(INPUT RECORDS Opens)
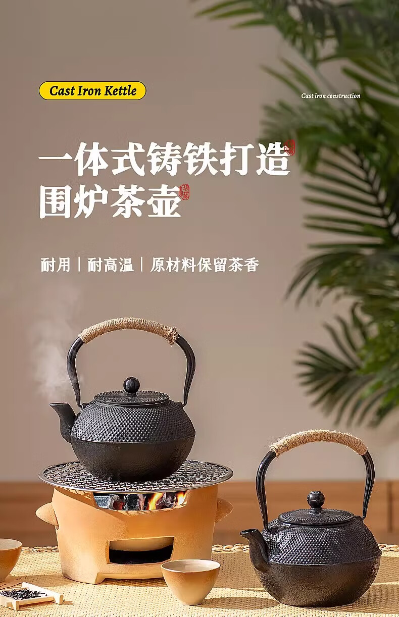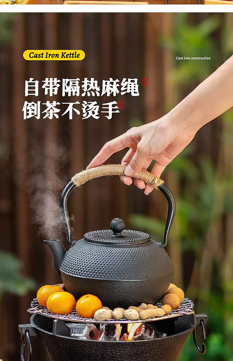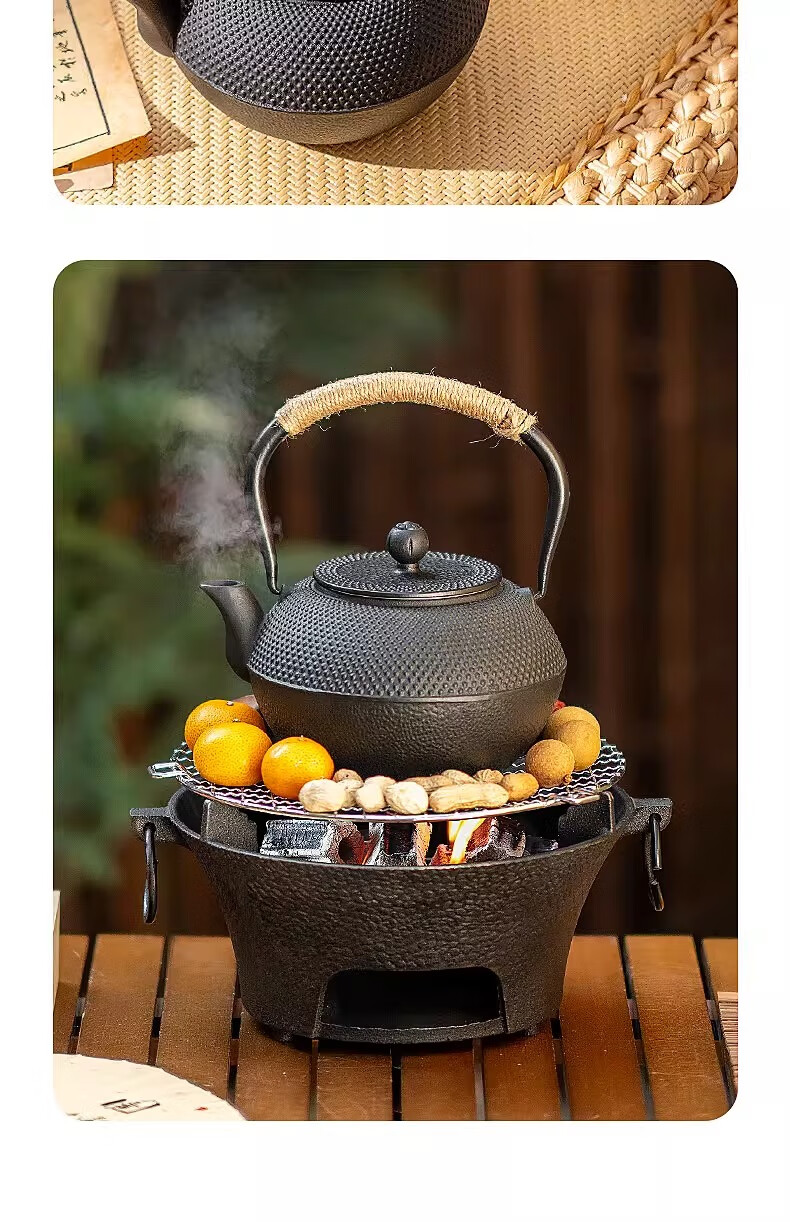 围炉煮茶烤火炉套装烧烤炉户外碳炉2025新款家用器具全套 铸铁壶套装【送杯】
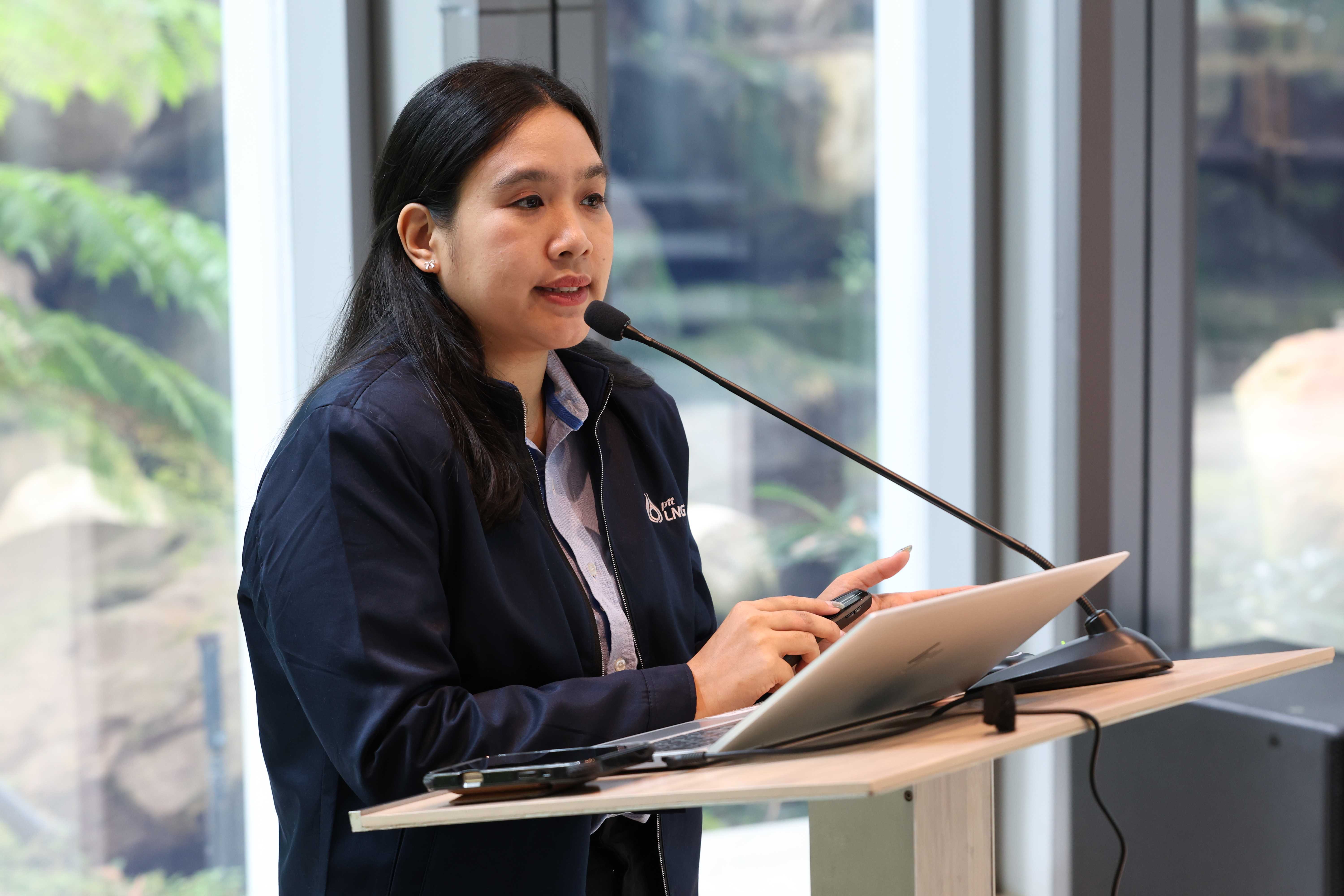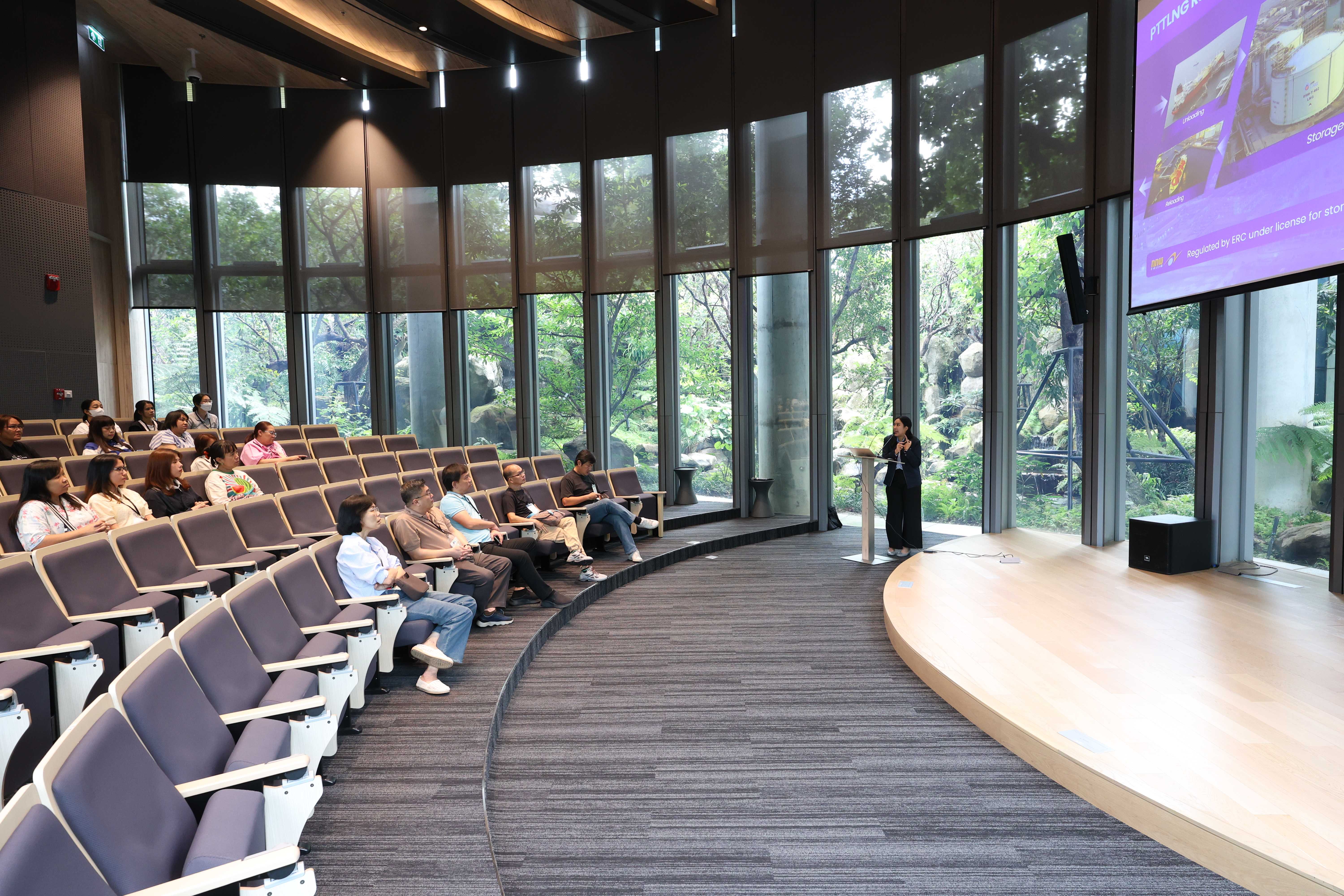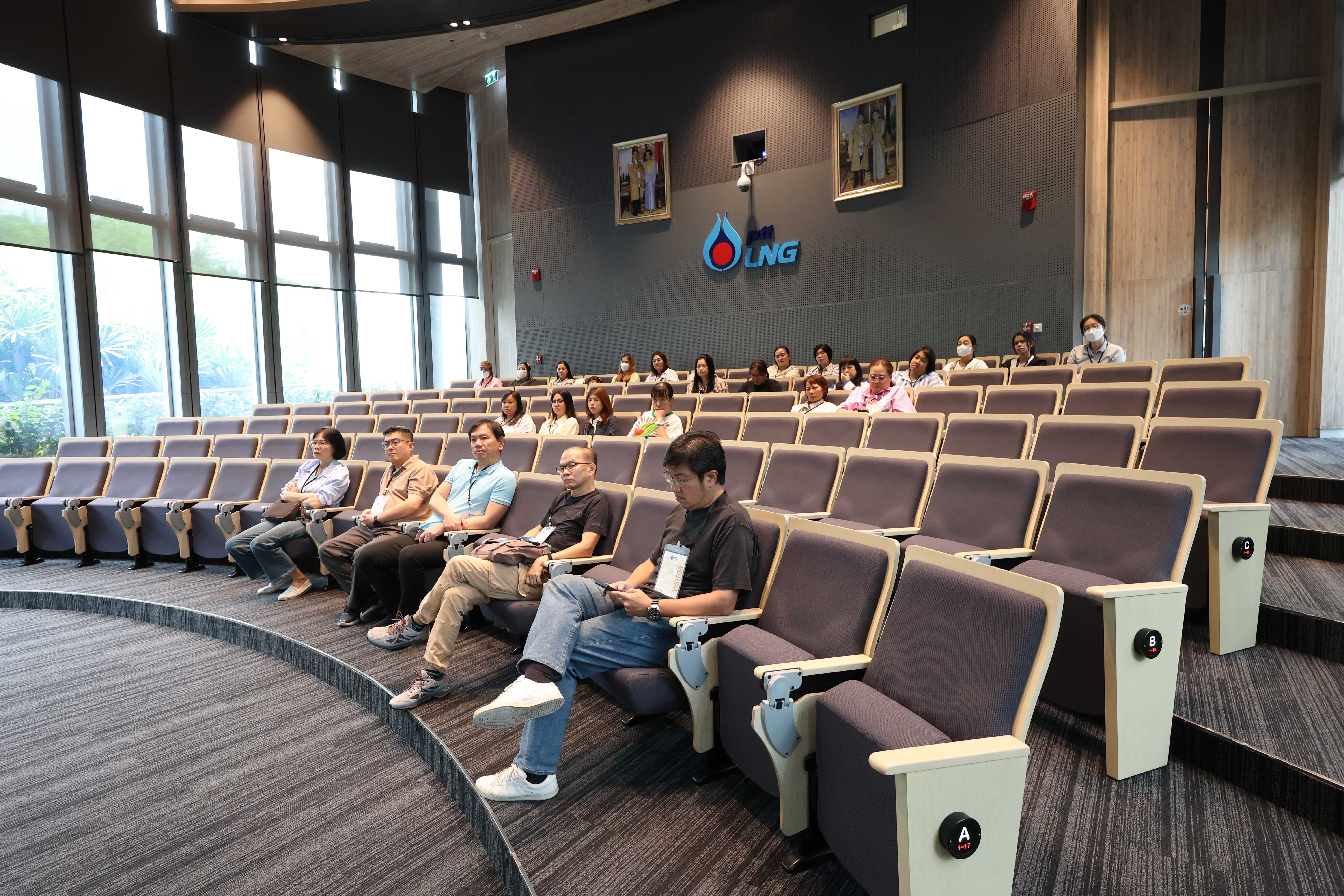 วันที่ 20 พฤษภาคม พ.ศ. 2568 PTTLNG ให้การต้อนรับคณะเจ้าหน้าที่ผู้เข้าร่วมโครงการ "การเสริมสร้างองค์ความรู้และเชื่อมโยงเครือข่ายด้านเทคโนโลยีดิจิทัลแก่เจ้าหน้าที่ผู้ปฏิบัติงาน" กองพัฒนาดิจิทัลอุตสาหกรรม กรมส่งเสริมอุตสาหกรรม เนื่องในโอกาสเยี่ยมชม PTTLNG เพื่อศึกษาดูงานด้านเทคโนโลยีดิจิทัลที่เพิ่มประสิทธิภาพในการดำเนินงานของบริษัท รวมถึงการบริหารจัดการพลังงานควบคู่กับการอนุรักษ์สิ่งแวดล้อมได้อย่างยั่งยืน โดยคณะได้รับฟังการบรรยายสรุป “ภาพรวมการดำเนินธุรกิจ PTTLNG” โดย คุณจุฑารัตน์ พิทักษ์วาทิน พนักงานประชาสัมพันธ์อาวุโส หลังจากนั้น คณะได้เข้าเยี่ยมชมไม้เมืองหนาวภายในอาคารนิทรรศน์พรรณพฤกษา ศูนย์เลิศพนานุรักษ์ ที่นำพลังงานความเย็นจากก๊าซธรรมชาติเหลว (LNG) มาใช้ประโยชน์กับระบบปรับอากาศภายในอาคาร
(INPUT RECORDS Closes)
(INPUT RECORDS Opens)
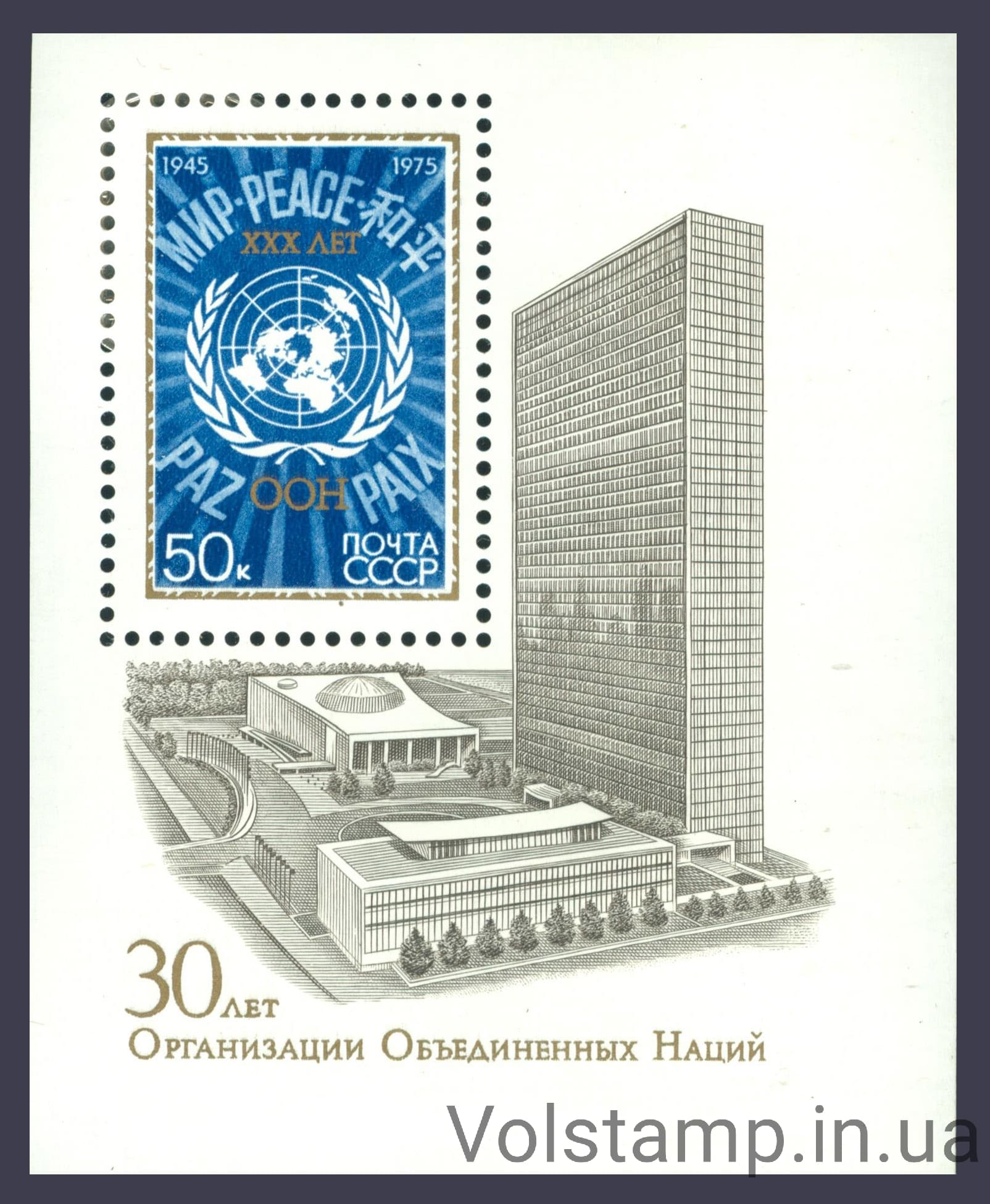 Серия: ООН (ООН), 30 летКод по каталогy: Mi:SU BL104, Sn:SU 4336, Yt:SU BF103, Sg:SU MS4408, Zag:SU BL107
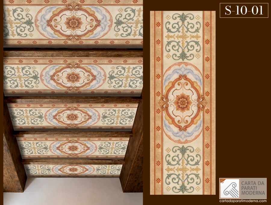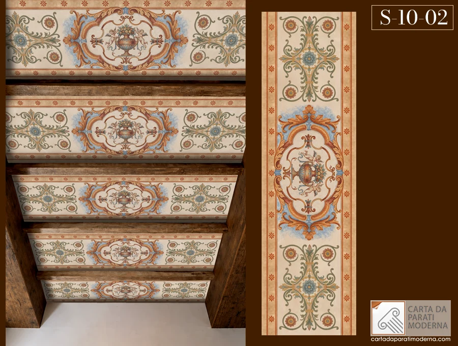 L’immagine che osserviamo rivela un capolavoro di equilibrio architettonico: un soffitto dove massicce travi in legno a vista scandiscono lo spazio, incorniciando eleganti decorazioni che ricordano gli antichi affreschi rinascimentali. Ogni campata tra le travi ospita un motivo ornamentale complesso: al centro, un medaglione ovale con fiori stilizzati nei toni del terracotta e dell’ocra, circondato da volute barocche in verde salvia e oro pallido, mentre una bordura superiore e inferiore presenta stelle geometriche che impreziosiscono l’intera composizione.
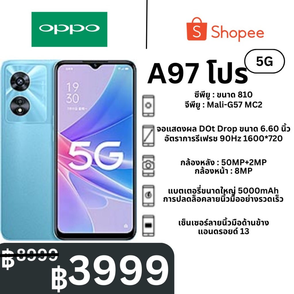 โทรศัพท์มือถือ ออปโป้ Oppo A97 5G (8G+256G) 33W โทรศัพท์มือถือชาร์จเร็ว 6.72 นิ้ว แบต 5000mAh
(INPUT RECORDS Closes)
(INPUT RECORDS Opens)
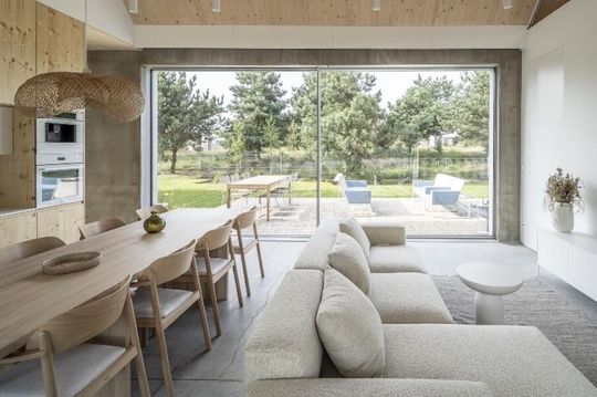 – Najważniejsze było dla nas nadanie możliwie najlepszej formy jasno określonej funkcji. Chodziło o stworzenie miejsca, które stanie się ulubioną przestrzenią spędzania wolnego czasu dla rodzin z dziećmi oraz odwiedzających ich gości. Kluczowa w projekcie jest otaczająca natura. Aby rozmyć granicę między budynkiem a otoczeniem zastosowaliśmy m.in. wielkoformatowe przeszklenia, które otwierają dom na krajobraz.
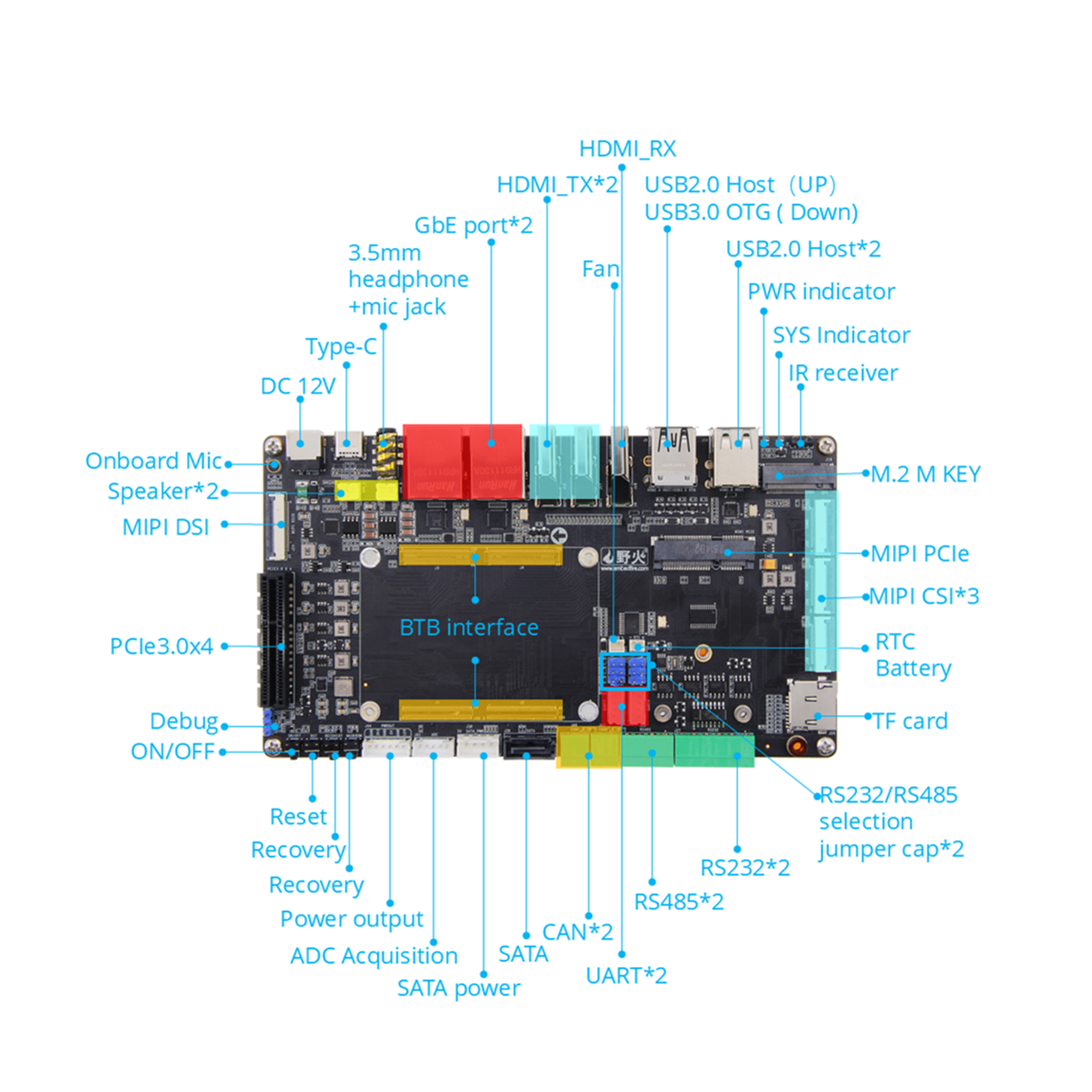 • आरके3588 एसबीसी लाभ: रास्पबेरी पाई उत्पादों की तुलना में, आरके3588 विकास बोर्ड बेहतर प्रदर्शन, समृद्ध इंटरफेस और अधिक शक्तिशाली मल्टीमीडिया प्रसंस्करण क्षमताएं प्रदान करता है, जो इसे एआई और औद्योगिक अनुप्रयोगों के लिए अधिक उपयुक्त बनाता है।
(INPUT RECORDS Closes)
◆ **EXERCISE GOAL**
After locating the line containing "围炉煮茶烤火炉套装烧烤炉户外碳炉2025新款家用器具全套 铸铁壶套装【送杯】" in the entries above, return it and every line after it exactly, ending at the line containing "วันที่ 20 พฤษภาคม", without pictures.

◆ **TASK ANSWER**
 围炉煮茶烤火炉套装烧烤炉户外碳炉2025新款家用器具全套 铸铁壶套装【送杯】
 วันที่ 20 พฤษภาคม พ.ศ. 2568 PTTLNG ให้การต้อนรับคณะเจ้าหน้าที่ผู้เข้าร่วมโครงการ "การเสริมสร้างองค์ความรู้และเชื่อมโยงเครือข่ายด้านเทคโนโลยีดิจิทัลแก่เจ้าหน้าที่ผู้ปฏิบัติงาน" กองพัฒนาดิจิทัลอุตสาหกรรม กรมส่งเสริมอุตสาหกรรม เนื่องในโอกาสเยี่ยมชม PTTLNG เพื่อศึกษาดูงานด้านเทคโนโลยีดิจิทัลที่เพิ่มประสิทธิภาพในการดำเนินงานของบริษัท รวมถึงการบริหารจัดการพลังงานควบคู่กับการอนุรักษ์สิ่งแวดล้อมได้อย่างยั่งยืน โดยคณะได้รับฟังการบรรยายสรุป “ภาพรวมการดำเนินธุรกิจ PTTLNG” โดย คุณจุฑารัตน์ พิทักษ์วาทิน พนักงานประชาสัมพันธ์อาวุโส หลังจากนั้น คณะได้เข้าเยี่ยมชมไม้เมืองหนาวภายในอาคารนิทรรศน์พรรณพฤกษา ศูนย์เลิศพนานุรักษ์ ที่นำพลังงานความเย็นจากก๊าซธรรมชาติเหลว (LNG) มาใช้ประโยชน์กับระบบปรับอากาศภายในอาคาร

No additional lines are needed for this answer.